Jobs: Anthony Albanese
Match the company's own investments: Anthony Albanese

Albanese said a new Labor government will give an initial $9m, to be spent over two years, to underpin the mill’s viability as the transition happens, and speaking in Boyer on the campaign trail he said, “We’ll also provide up to $15m to match the company’s own investments in electrification that are occurring.”

The Boyer mill currently burns some 80,000 tonnes of coal a year, and is one of Tasmania’s biggest carbon emitters. When it was part of Norske Skog it accounted for a whopping two thirds of the company’s carbon that came from its five mills. By contrast Norske’s two Norwegian mills emitted just three per cent of the total figure. The other 30 per cent came from its two mills in Austria and France.

The Boyer mill is now owned by Melbourne businessman David Marriner, who bought it from Norske Skog two months ago for $27m. It is one of the biggest employers in the Derwent Valley region, with 310 staff on the books.

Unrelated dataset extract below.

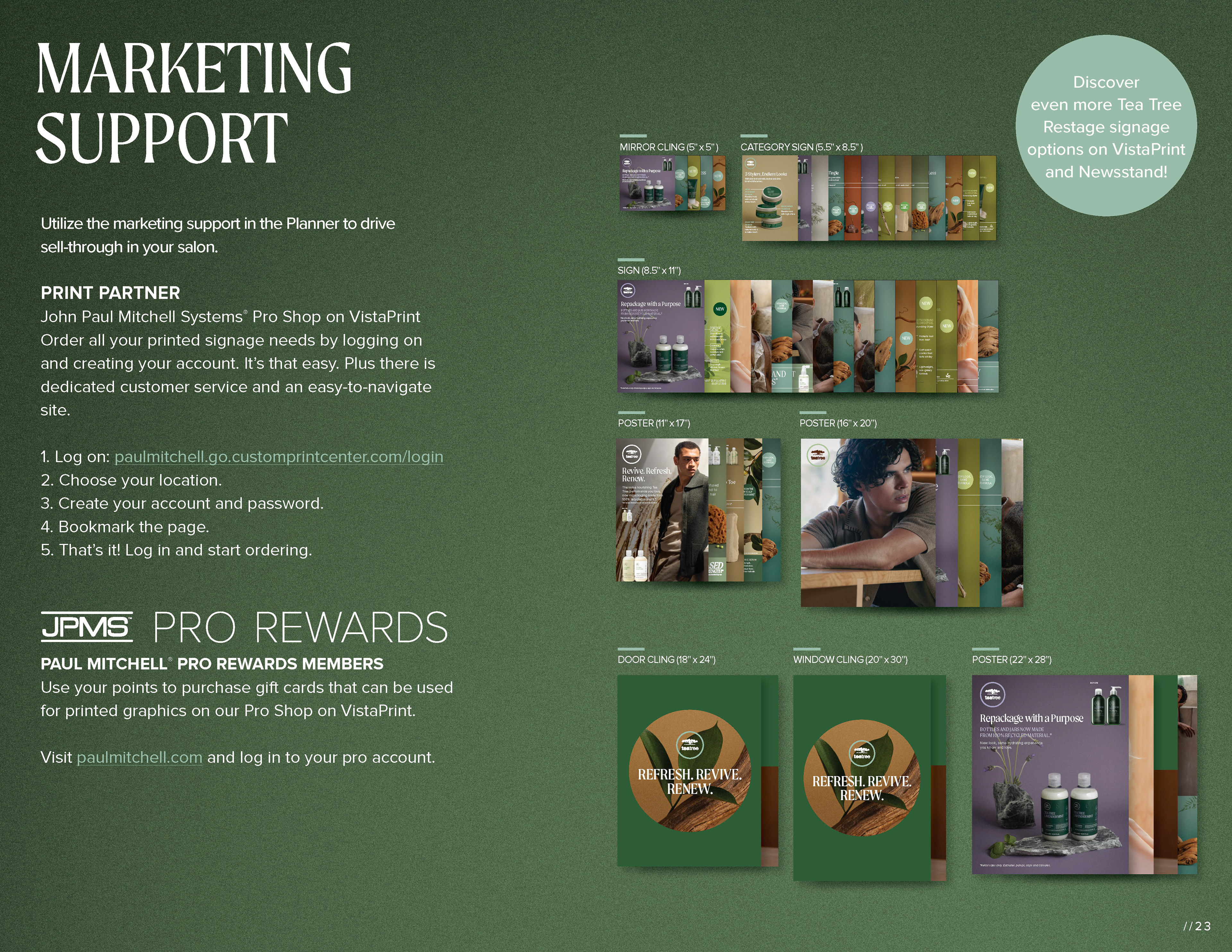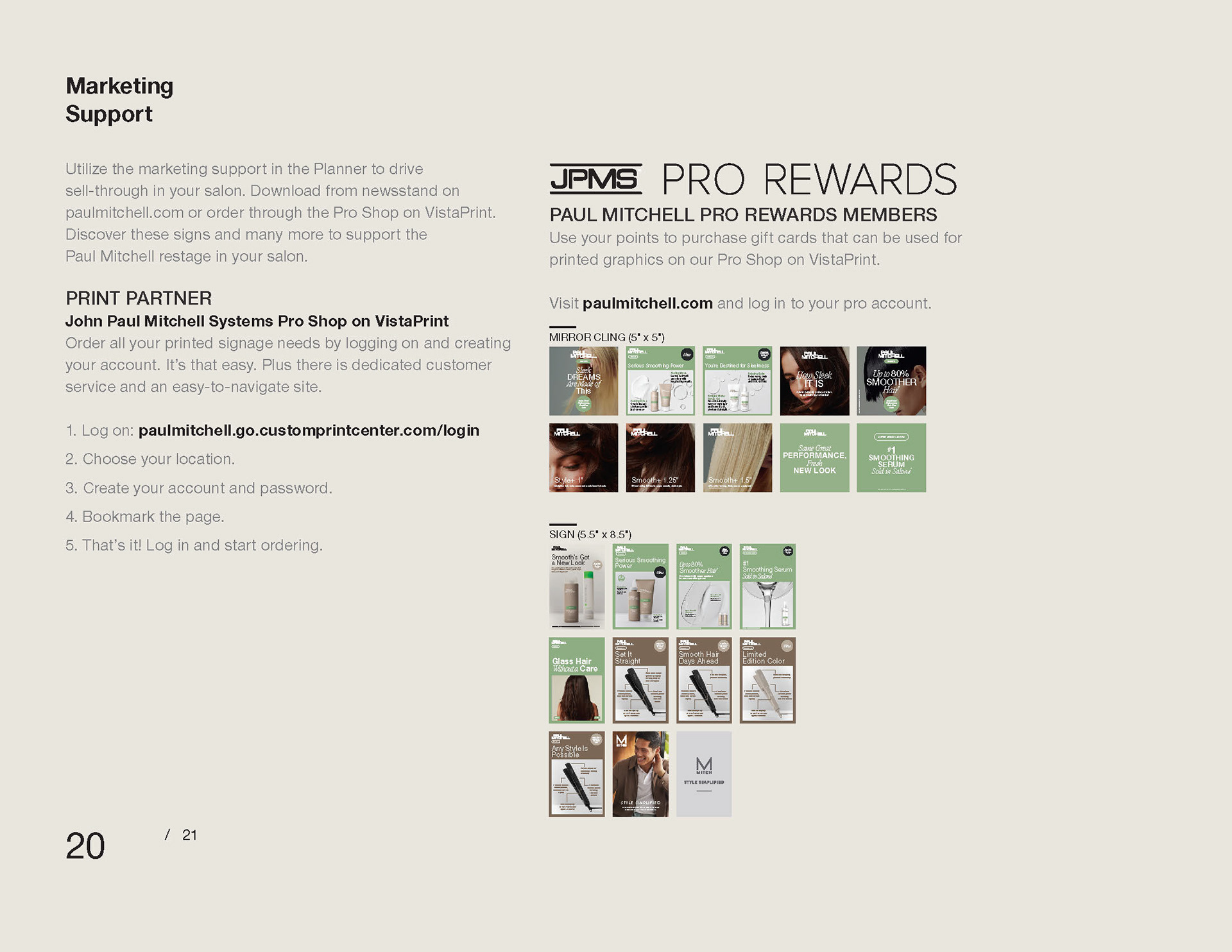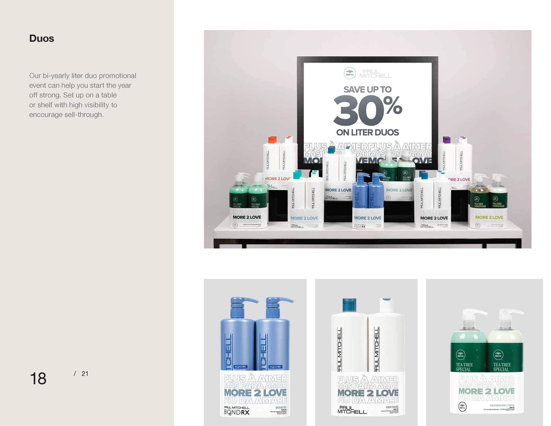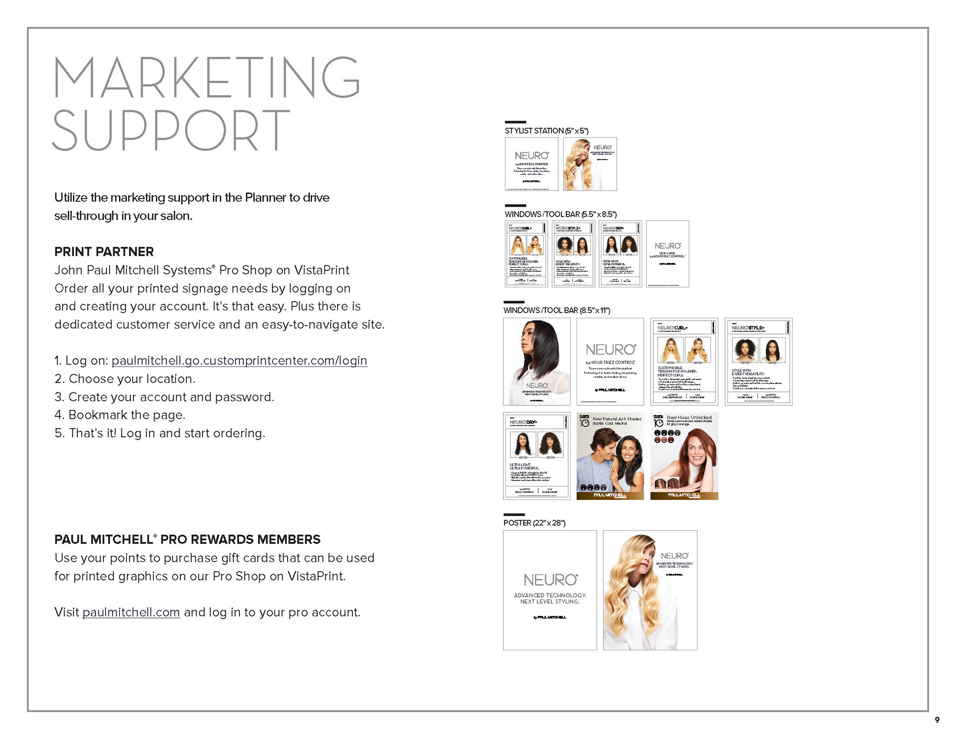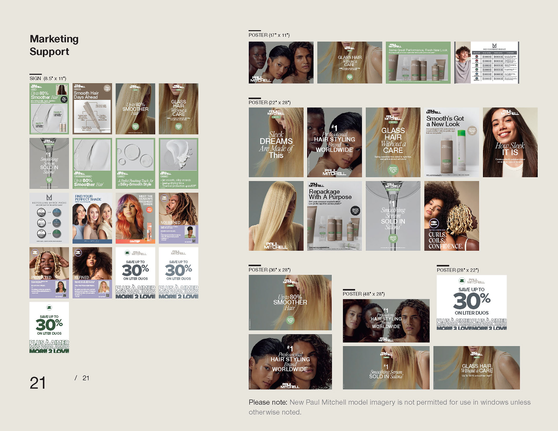 "The Planner" is a quarterly brochure given to salons and vendors to show them how to merchandise and display the newest JPMS product releases. All of the POPs featured in the examples are included with the brochure. For each Planner I was usually given some art direction by the merchandising department, but otherwise I would have free reign to design while making sure I kept on brand. I would also collaborate with Jennifer Zappia, the production manager, when the project featured multiple product focused planners.

Marriner bought the paper mill intending to diversify into new product lines from the newsprint the mill has traditionally produced. It was Australia’s first newsprint mill when it opened almost 200 years ago, in 1841, and is now the country’s last remaining newsprint producer.

Marriner has his eye on new products for the mill, in particular looking at the 200,000 tonnes a year of white paper that used to be produced at Opal Paper’s Maryvale Mill in the LaTrobe Valley until 16 months ago, all of which has now been replaced by imports, as it was forced to stop producing.

He is also looking at adjacent products, including insulation for housing made from timber rather than petroleum products.